Retype the lines from the one containing "Belediye Başkanı Erkan" through the last line of the entries below, exactly and in full, omitting every image.

ENTRIES SHOWN
:::
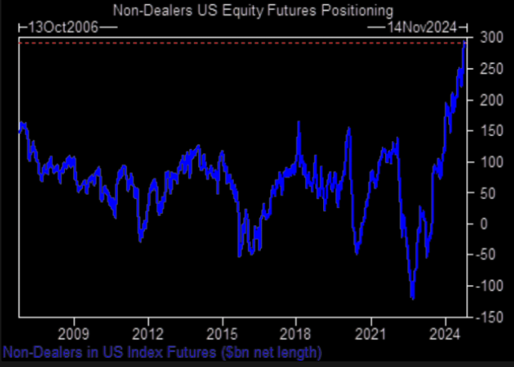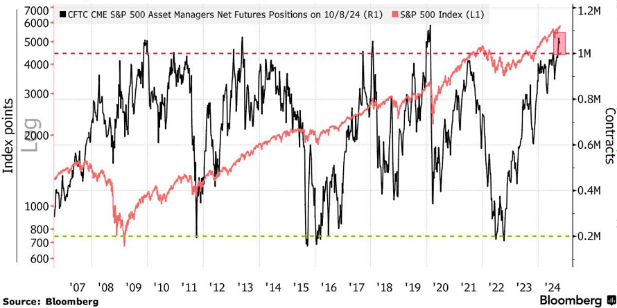 Los gestores de activos se acercan al récord de posiciones largas en futuros sobre acciones estadounidenses
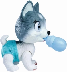 Kužek Husky ima interaktivno funkcijo pitja in lulanja, kar otroke nauči skrbi za domače ljubljenčke in doda igri dodatno dimenzijo.
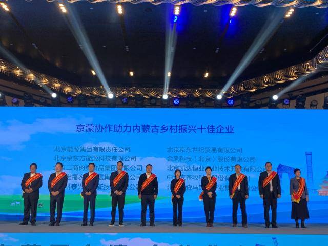 京蒙产业合作大会旨在加强北京与内蒙古两地同频共振、深化产业合作,北京市投入大量人力物力财力,对内蒙古提供全方位援助和支持。设置“京蒙协作助力内蒙古乡村振兴十佳企业”是为表彰在形成优势互补、共赴振兴之约中表现突出的企业。依托扎实的基础设施、高效的数智化供应链等优势,京东帮助提高农民收入、促进农业发展,摘得“十佳企业”称号。
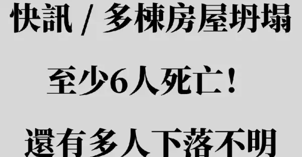 快訊/多棟房屋坍塌,至少6人死亡!還有多人下落不明
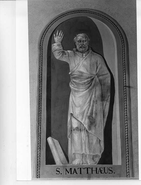 L'apostolo è raffigurato stante entro finta nicchia. Il volto è incorniciato dalla barba e dai lunghi capelli. Il braccio destro è alzato nell'atto di chi vuole attirare l'attenzione, mentre il braccio destro è nascosto dal mantello. Un libro è posto vicino alla gamba destra
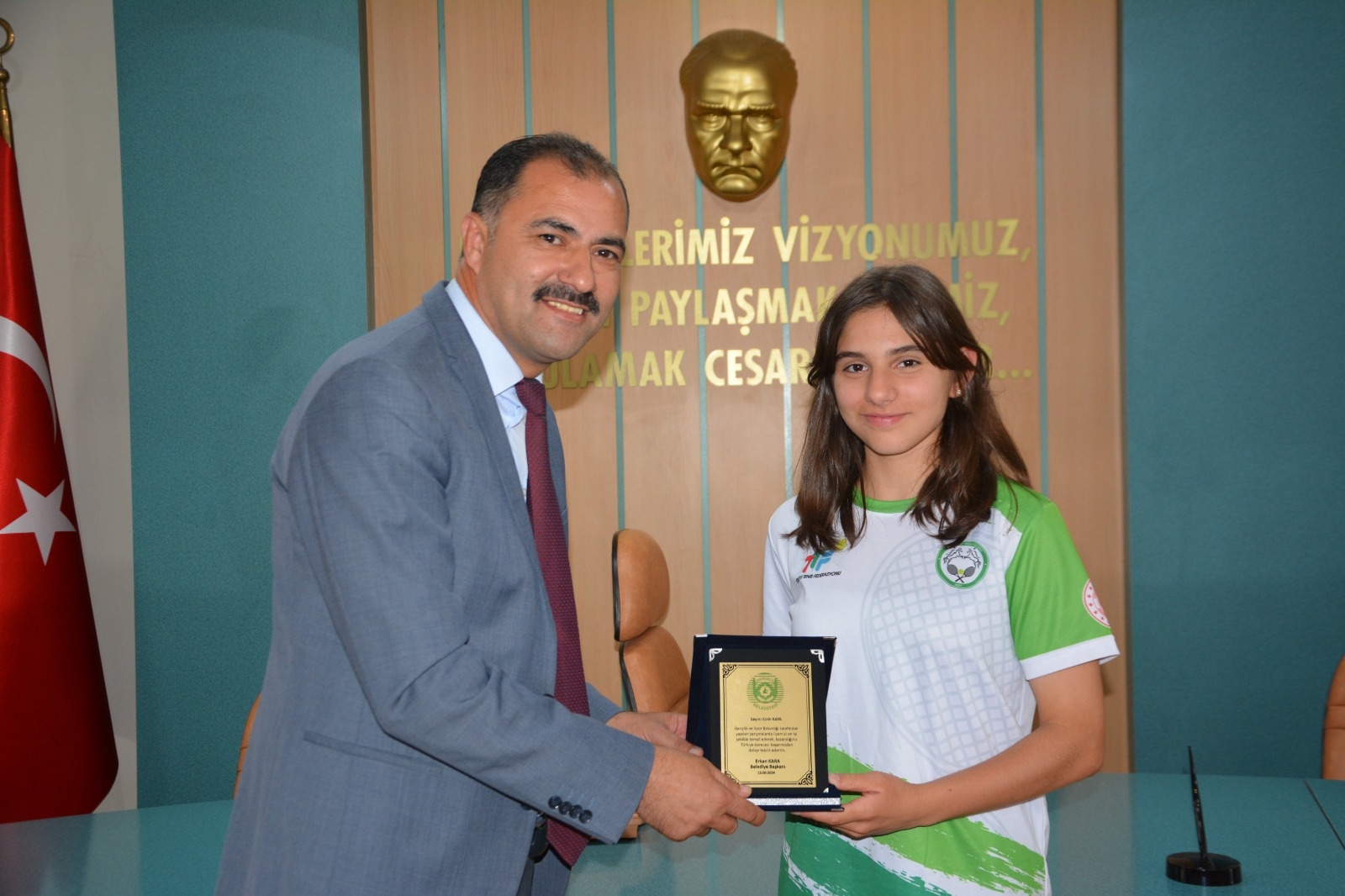 Belediye Başkanı Erkan Kara, spor müsabakalarında Türkiye derecesi alan gençleri ve öğrencileri ödüllendirdi.
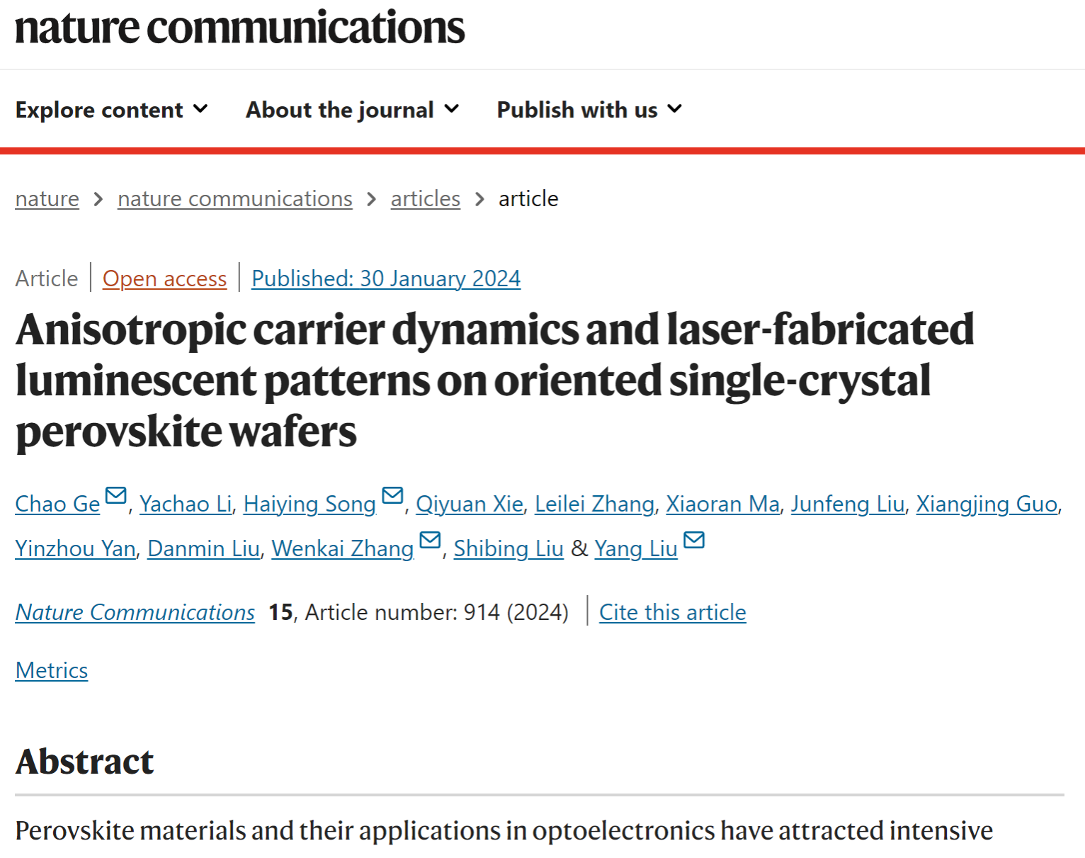2024开门红。近日,365best体育官网登录激光工程研究院固体激光与超快光子学研究所师生在光电功能晶体超快载流子动力学研究方面取得重要进展,相关研究成果以“Anisotropic carrier dynamics and laser fabricated luminescent patterns on oriented single-crystal perovskite wafers”为题,在国际权威期刊《Nature Communications》在线发表(https://doi.org/10.1038/s41467-024-45055-y),研究结果对于推动功能晶体在光电领域的实际应用进程具有重要意义。论文第一完成单位为365亚洲体育网入口,365best体育官网登录助理研究员葛超、博士研究生李亚超为共同第一作者,365亚洲体育网入口葛超助理研究员、宋海英副研究员,北京师范大学张文凯教授和山东大学刘阳教授为共同通讯作者。该研究得到国家自然科学基金和北京市教委科研计划等项目资助。
:::
EXERCISE ANSWER
 Belediye Başkanı Erkan Kara, spor müsabakalarında Türkiye derecesi alan gençleri ve öğrencileri ödüllendirdi.
2024开门红。近日,365best体育官网登录激光工程研究院固体激光与超快光子学研究所师生在光电功能晶体超快载流子动力学研究方面取得重要进展,相关研究成果以“Anisotropic carrier dynamics and laser fabricated luminescent patterns on oriented single-crystal perovskite wafers”为题,在国际权威期刊《Nature Communications》在线发表(https://doi.org/10.1038/s41467-024-45055-y),研究结果对于推动功能晶体在光电领域的实际应用进程具有重要意义。论文第一完成单位为365亚洲体育网入口,365best体育官网登录助理研究员葛超、博士研究生李亚超为共同第一作者,365亚洲体育网入口葛超助理研究员、宋海英副研究员,北京师范大学张文凯教授和山东大学刘阳教授为共同通讯作者。该研究得到国家自然科学基金和北京市教委科研计划等项目资助。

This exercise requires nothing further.